======== Data under study
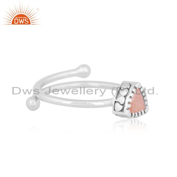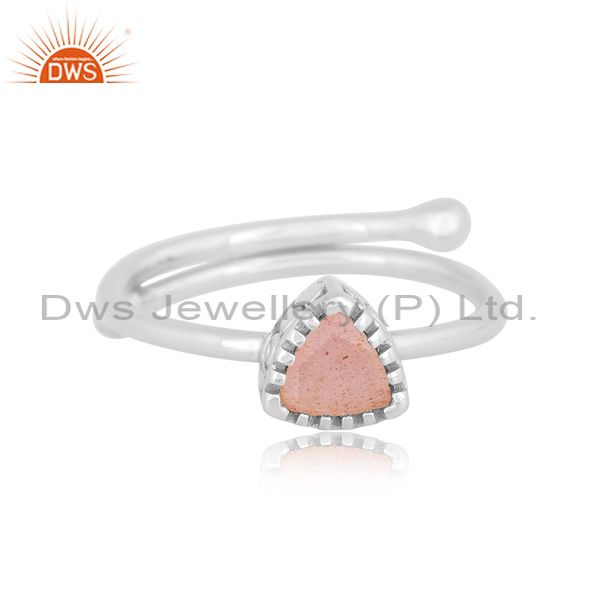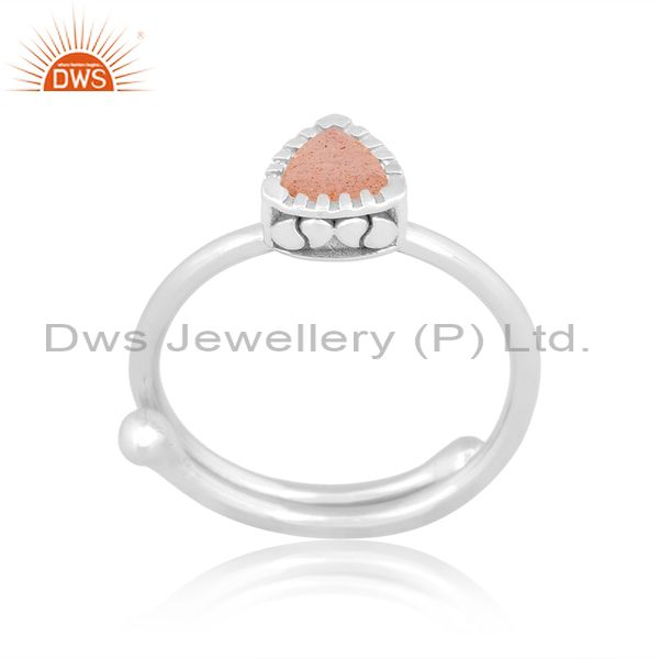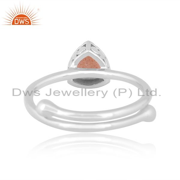 Fine 925 Sterling Silver Triangular Peach Moonstone Set Ring
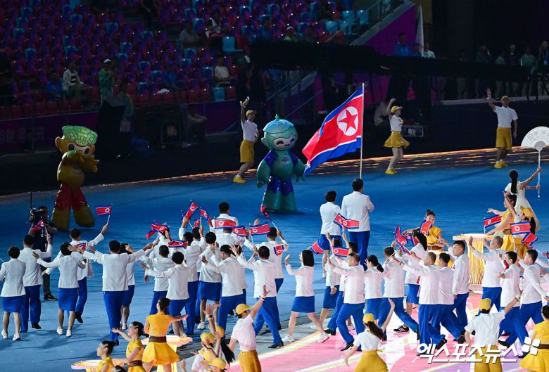 아프가니스탄(AFG)이 가장 먼저 모습을 드러낸 뒤 복싱 방철미와 사격 박명원을 공동 기수로 앞세운 북한(DPRK)이 7번째로 입장했다. 관중석에서는 큰 함성과 함께 갈채가 들렸다.
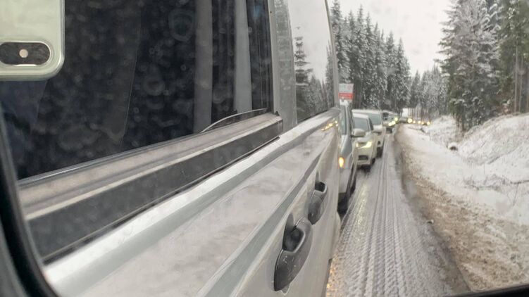 Появились фото километровой пробки по дороге в Буковель в первый день локдауна
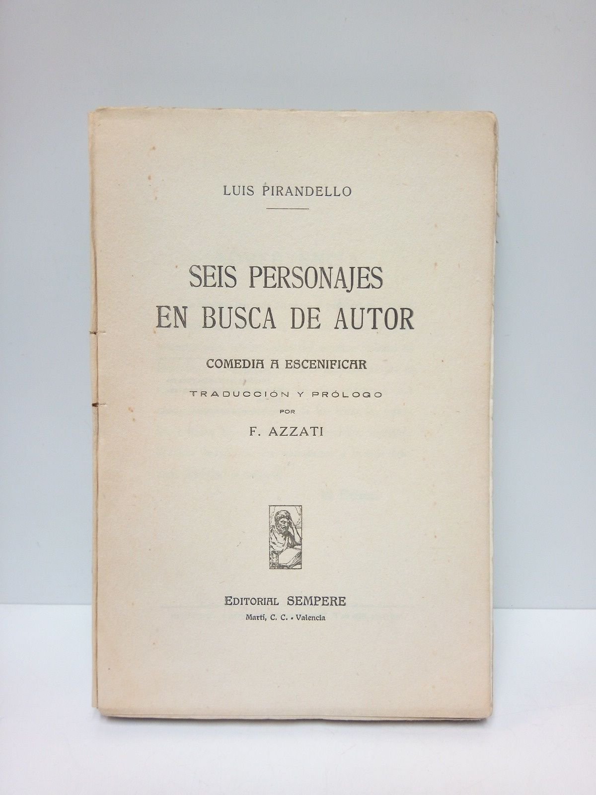 Valencia: Ed. Sempere, [ca. 1915].- 154 p.: Retrtato de Pirandello abriendo el prólogo; 8º mayor (19,1 x 12,8 cm); Cubierta anterior provisional.* Falto de la cubierta anterior que se ha remplazado por otra de papel para su protección. Lomo ligeramente reforzado. TEATRO EXTRANJERO DE LOS SIGLOS XVI-XXI
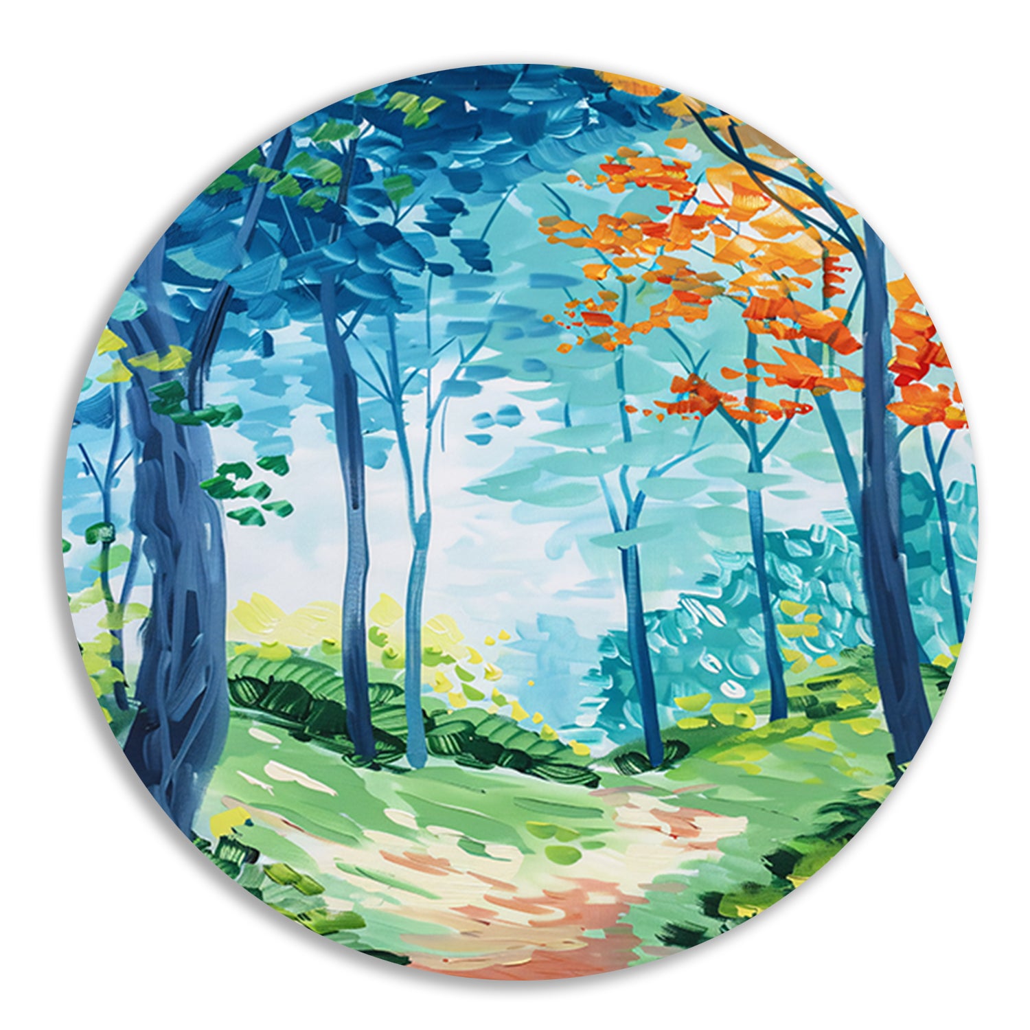 Kleurrijk abstract schilderij van een boslandschap aluminium muurcirkel
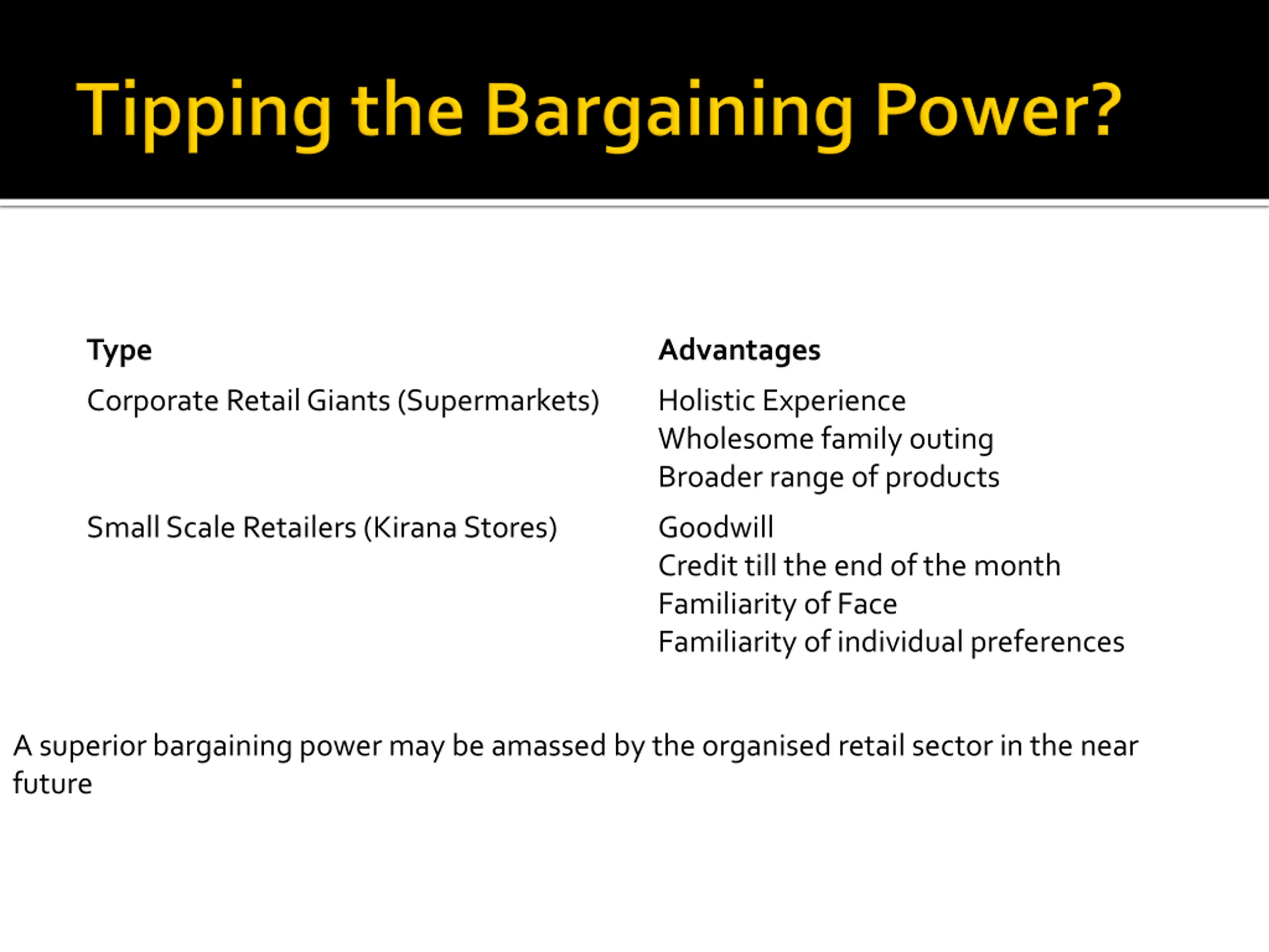 Type Advantages Corporate Retail Giants (Supermarkets) Holistic Experience Wholesome family outing Broader range of products Small Scale Retailers (Kirana Stores) Goodwill Credit till the end of the month Familiarity of Face Familiarity of individual preferences A superior bargaining power may be amassed by the organised retail sector in the near future
================
**Task directions**
Exactly as given, transcribe every line of the data, but not its images.

**Output for this task**
 Fine 925 Sterling Silver Triangular Peach Moonstone Set Ring
 아프가니스탄(AFG)이 가장 먼저 모습을 드러낸 뒤 복싱 방철미와 사격 박명원을 공동 기수로 앞세운 북한(DPRK)이 7번째로 입장했다. 관중석에서는 큰 함성과 함께 갈채가 들렸다.
 Появились фото километровой пробки по дороге в Буковель в первый день локдауна
 Valencia: Ed. Sempere, [ca. 1915].- 154 p.: Retrtato de Pirandello abriendo el prólogo; 8º mayor (19,1 x 12,8 cm); Cubierta anterior provisional.* Falto de la cubierta anterior que se ha remplazado por otra de papel para su protección. Lomo ligeramente reforzado. TEATRO EXTRANJERO DE LOS SIGLOS XVI-XXI
 Kleurrijk abstract schilderij van een boslandschap aluminium muurcirkel
 Type Advantages Corporate Retail Giants (Supermarkets) Holistic Experience Wholesome family outing Broader range of products Small Scale Retailers (Kirana Stores) Goodwill Credit till the end of the month Familiarity of Face Familiarity of individual preferences A superior bargaining power may be amassed by the organised retail sector in the near future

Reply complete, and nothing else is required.